Thursday, 15 December 2011

Reaction has been mixed amongst veterans but most objections seem to focus on the fact that TV crews will be there and that the archaeologists will be looking to uncover hidden secrets to make for exciting programmes rather than being there for serious study.

As I read it there is no hidden agenda, no looking for dirty secrets, but something a lot more simple. The Falklands are one of the few places on the planet where a fairly large-scale conventional conflict took place and in fairly recent history. It was fought over ground where there hadn't been a war before, and hasn't been one since. Dr Tony Pollard has made the Battlefield Archaeology Centre’s case in the Scotland-on-Sunday article mentioned above which I'll quote here:  

“I believe the Falklands have the potential to be an important laboratory for the practice of battlefield archaeology.

“It was fought in the late 20th century, but with mid 20th century technology and will possibly be the last conventional war that the British army will ever fight. 

“If done properly, a project there could tell us a whole lot about how the archaeological record compares with the many accounts we have. 

“Because of its isolated location the remains on the Falkland Islands are incredibly well preserved. That, in conjunction with the fact that the combatants, in many cases, are still with us gives an ideal opportunity to complete a project looking at the archaeology, the history and the anthropology.”

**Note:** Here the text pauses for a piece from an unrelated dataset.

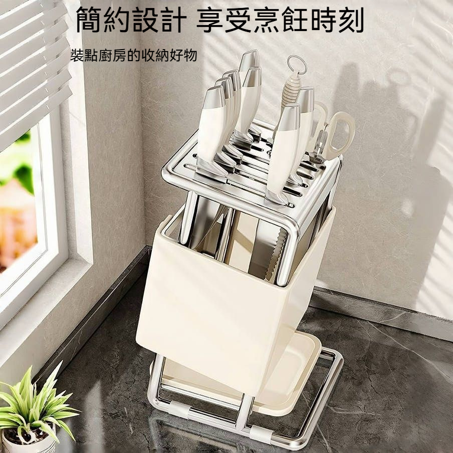 【日式廚房旋轉刀架】透氣瀝水、安全防割完美整合!不鏽鋼一體成型、磁吸分區收納、可移膠貼底座,重新定義刀具收納的安全美學✨

Other objections point to it only being thirty years since the war. However, people are happy to excavate Second World War battlefields and air-crash sites and that is only seventy years ago. Many of the reasons for not excavating the Falklands are valid for WW2 too but where are the objections in those cases? Just when does it become acceptable? Is 1968 Vietnam too soon or how about 1950's Malaya or Korea?  

Personally I don't see there being a problem. If the excavations can help with our understanding of the Falklands Conflict, where many Scots served and several died; and also help improve future fieldwork undertaken by the Centre for Battlefield Archaeology on other less contentious battlefields, then it should surely be seen as a good thing.